Our old process looked as follows:

  1. MT was incorporated  in the preparation of the document.
  2. Human translators checked the document.
  3. We published the translated document.


Our new process looks as follows:

  1. MT is incorporated  in the preparation of the document.
  2. We publish the translated document.
  3. Human translators check the document.

If you compare the new and old processes, we have only swapped the order of steps 2 and 3. This way, customers do not have to wait for the Japanese translation to be reviewed nor are they forced to use a generic MT service like Google Translate.

Localization Services has been using MT as part of Computer-Assisted Translation (CAT) tools for over two years. In this process, new or changed text in documents is prefilled with MT as a suggestion to translators. In the past, translators would  fully post-edit this hybrid document before publication. Therefore, with this process, the volume of documents we published in Japanese was limited by the capacity of our team to provide a human check to every document. This limit left many documents untranslated: We defaulted to English.

However,  with the new process in place, instead of providing high-quality translation at a slower pace, we aim to produce massive volumes of translation at the “OK” quality levels that MT engines now provide. Machine-translation output is sometimes still awkward, but serious errors are now very rare.  Only a few years ago, the poor quality MT output from English into Japanese made this impossible. We now default to localized.

Benefits of the MTFirst approach

Today, MT is everywhere, even built into browsers. So why don't we just leave content in English for customers to MT themselves?

Our process offers Red Hat customers two crucial advantages:

●      The documents we publish are hybrids that include as much existing human-checked translation as possible. This text usually comes from older versions of the same document, but occasionally comes from other documents in the same product suite (or even from completely unrelated documents in our library). A generic machine translation of a whole page will not incorporate this.

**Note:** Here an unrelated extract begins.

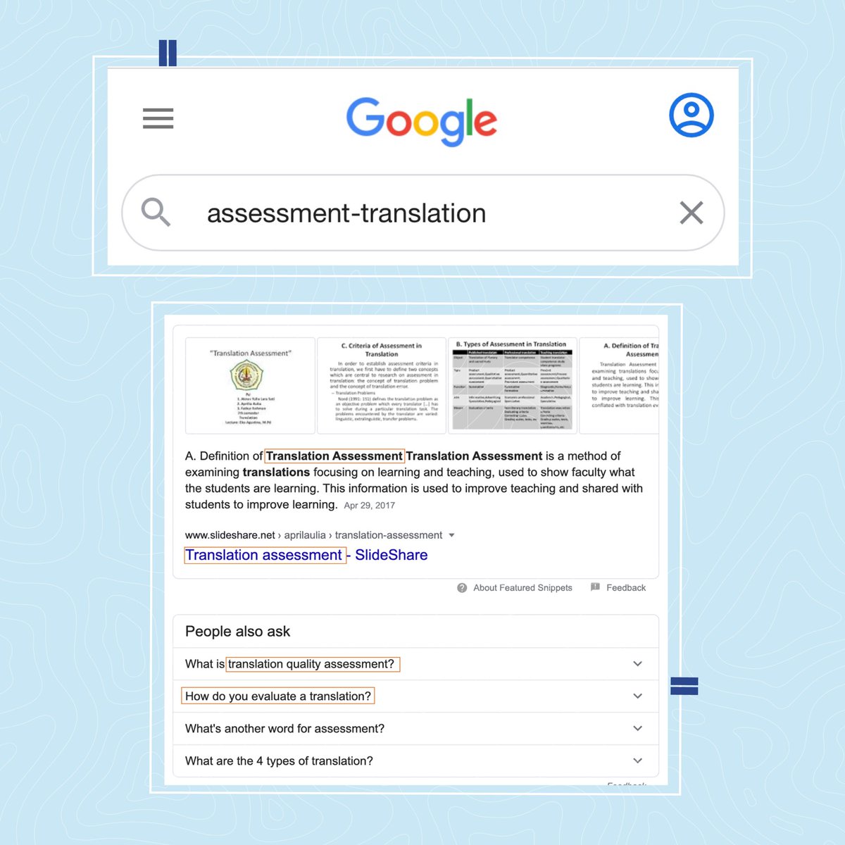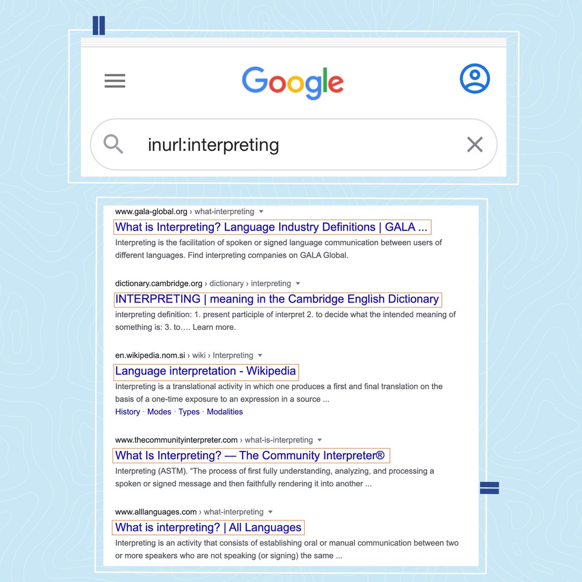 لأن عملية البحث هي جزءٌ لايتجزأ من عملية #الترجمة سواء أمعلوماتيًا كان البحث أم لغويًا، أضع ضمن سلسلة التغريدات هذه بعض طرق البحث المبتكرة لمُحرك جوجل التي يمكن للمترجم الاستفادة منها؛ إذ ستختصر وقته، وستسهّل عليه الوصول إلى معلومات أكثر دقة، انطلاقًا من تجربتي الشخصية.

●      We train our MT engine with previous Red Hat documents that have been translated by or checked by our human  translators. This means that the translated document we publish is much more likely to represent Red Hat technical terms and concepts correctly than a page translated by a generic MT.

The revision step

When revising, we decide the priority of  the documents to be revised by human translators based on:

●      Document type

●      Regional product priority

●      Readership


Some document typologies are more likely to have a customer impact than others. We prioritize release notes, installation and migration content, getting started guides, and security guides.

Localization Services has regular meetings with Red Hat leadership in the regions that we service. Based on this information, we prioritize products that are important to regional strategies and trends.

Lastly, we monitor page views of documentation and prioritize revising more-used content over less-used content.

Light post-editing requirements

To post-edit and revise MT output to the same quality level that professional human translators can achieve can easily take as long as to translate it from scratch.

“Light” post-editing (LPE) aims to ensure that the MT included in documents is “good enough” or “fit for purpose”, instead of bringing it in line with what human translators could achieve.

Thanks to improvements in MT quality, and the volume of past translations that Localization Services now has in our Translation Memory database, we can use light post-editing to greatly increase our translation coverage and speed.  Compared to the effort required to bring an MT to full human quality, light post-editing is typically three times faster, and in optimal cases, may be up to eight times faster.

Translation industry association Translation Automation User Society (Taus) compares full post-editing and light post-editing as follows.

Full Post-Editing requirements

Light Post-Editing requirements

●     
Aim for grammatically, syntactically and semantically correct translation.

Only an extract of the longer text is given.